# License

***

Copyright 2018-2019 Lingyao Meng (danielle@h2o.ai), J. Patrick Hall (phall@h2o.ai), and the H2O.ai team. 

Permission is hereby granted, free of charge, to any person obtaining a copy of this software and associated documentation files (the "Software"), to deal in the Software without restriction, including without limitation the rights to use, copy, modify, merge, publish, distribute, sublicense, and/or sell copies of the Software, and to permit persons to whom the Software is furnished to do so, subject to the following conditions:
The above copyright notice and this permission notice shall be included in all copies or substantial portions of the Software.

THE SOFTWARE IS PROVIDED "AS IS", WITHOUT WARRANTY OF ANY KIND, EXPRESS OR IMPLIED, INCLUDING BUT NOT LIMITED TO THE WARRANTIES OF MERCHANTABILITY, FITNESS FOR A PARTICULAR PURPOSE AND NONINFRINGEMENT. IN NO EVENT SHALL THE AUTHORS OR COPYRIGHT HOLDERS BE LIABLE FOR ANY CLAIM, DAMAGES OR OTHER LIABILITY, WHETHER IN AN ACTION OF CONTRACT, TORT OR OTHERWISE, ARISING FROM, OUT OF OR IN CONNECTION WITH THE SOFTWARE OR THE USE OR OTHER DEALINGS IN THE SOFTWARE.

**DISCLAIMER:** This notebook is not legal compliance advice.

# Partial Dependence, Individual Conditional Expectation, and Surrogate Models [FIX THIS]

#### Start H2O cluster


The `os` commands below check whether this notebook is being run on the Aquarium platform. 

In [1]:
import os

startup = '/home/h2o/bin/aquarium_startup'
if os.path.exists(startup):
    os.system(startup)
    local_url = 'http://localhost:54321/h2o'
    aquarium = True
    !sleep 5
else:
    local_url = 'http://localhost:54321'
    aquarium = False

#### Python imports
In general, NumPy and Pandas will be used for data manipulation purposes and H2o and XGBoost will be used for modeling tasks.

In [2]:
# for handling external processes to generate PNG file of decision tree
import time
import sys
import re
import subprocess

# in-notebook display of decision tree
from IPython.display import Image
from IPython.display import display

# to generate synthetic data w/ known interactions
from data_maker_and_getter import DataMakerAndGetter

import h2o                                                        # Python API for h2o library and server 
from h2o.estimators.random_forest import H2ORandomForestEstimator # h2o, for single tree
from h2o.backend import H2OLocalServer                            # h2o, for plotting local tree in-notebook

import matplotlib.pyplot as plt                                   # basic plotting
%matplotlib inline

import numpy as np                                                # basic math and array and matrix handling 
import pandas as pd                                               # basic Dataframe handling
import xgboost as xgb                                             # for training gradient boosting machines 

# ignore irrelevant warnings
import warnings
warnings.simplefilter(action='ignore', category=FutureWarning)

#### Start h2o
H2o is both a library and a server.
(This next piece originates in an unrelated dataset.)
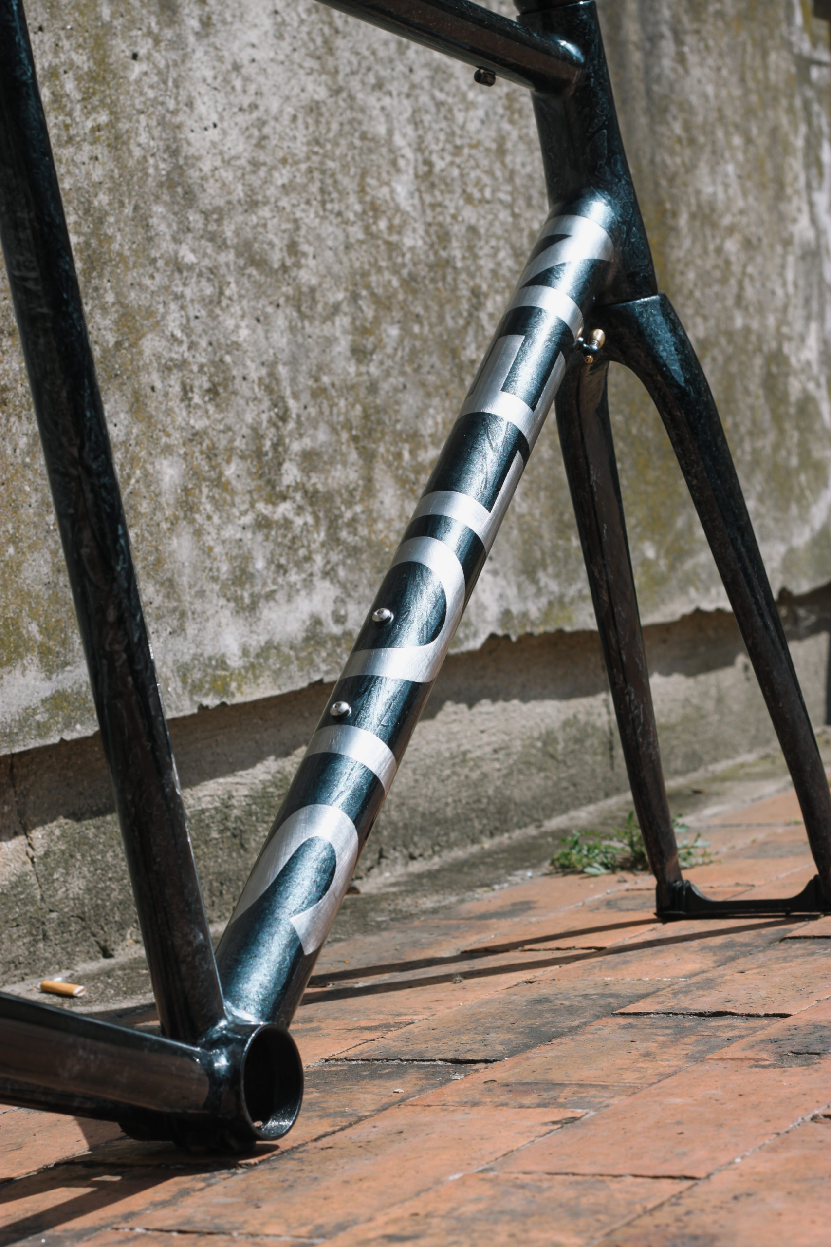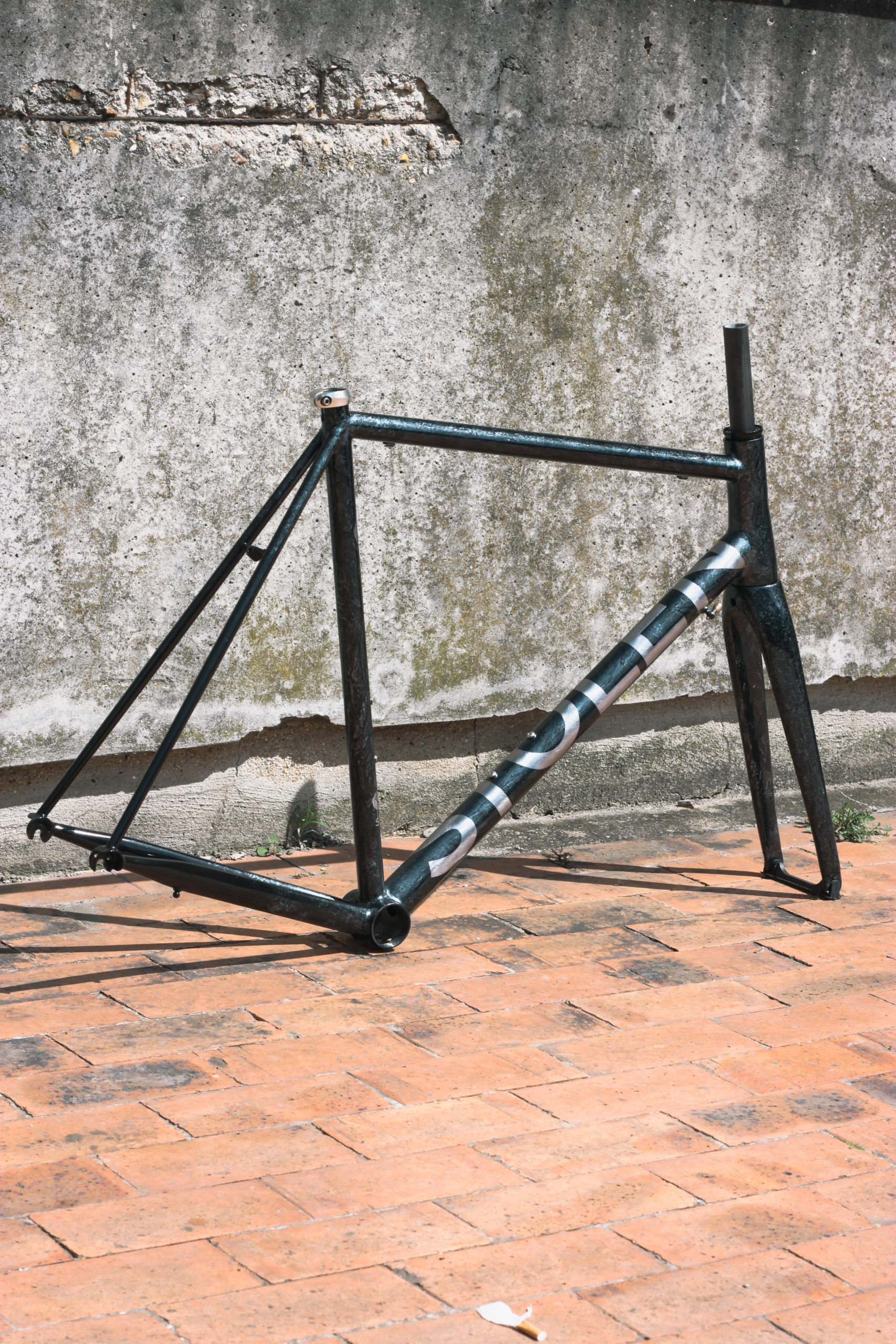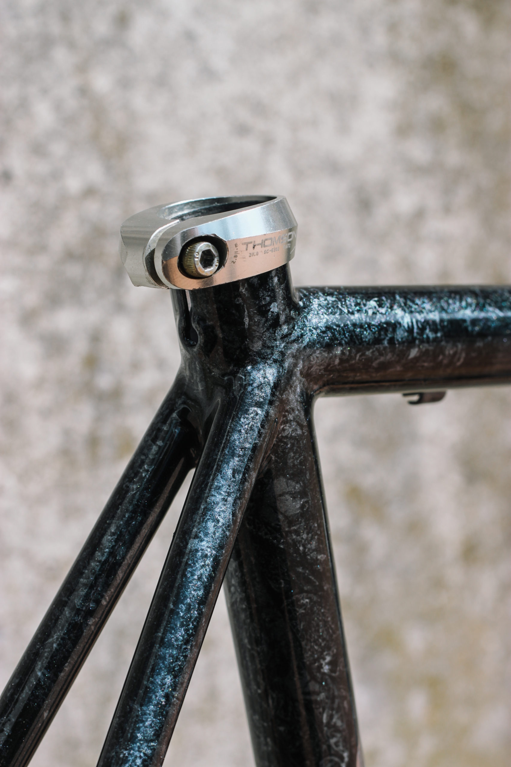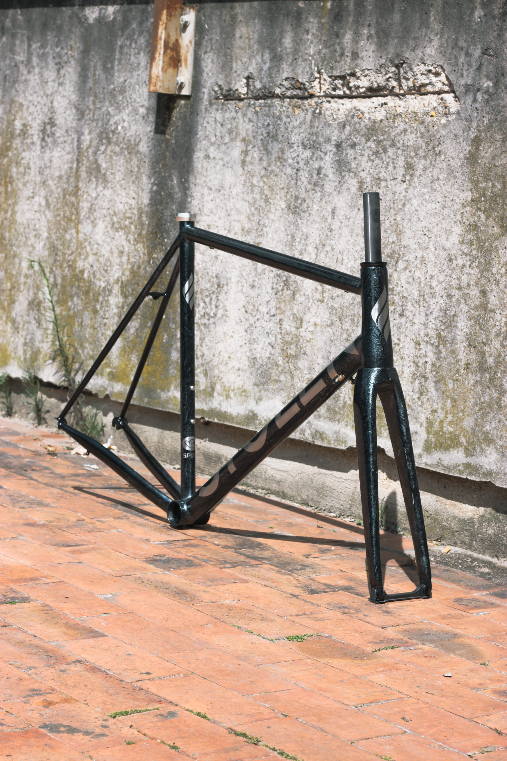 Premier kit cadre Stolen route, en Columbus Spirit HSS avec fourche carbone. L’idée était de mixer certaines caractéristiques du vélo de route classique, frein sur jante et passages externes notamment, en y ajoutant un peu de modernité. Nous avons utilisé un tube diagonal de 44mm pour une rigidité maximale, un tube horizontal ovalisé, un boitier T47 et un tube de direction conique.

The machine learning algorithms in the library take advantage of the multithreaded and distributed architecture provided by the server to train machine learning algorithms extremely efficiently. The API for the library was imported above in cell 2, but the server still needs to be started.

>The parameters used in `h2o.init` will depend on your specific environment. Regardless of how H2O is installed, if you start a cluster, you will need to ensure that it is shut down when you are done.

In [3]:
h2o.init(url=local_url, max_mem_size='2G')
h2o.remove_all()    # remove any existing data structures from h2o memory

Checking whether there is an H2O instance running at http://localhost:54321/h2o .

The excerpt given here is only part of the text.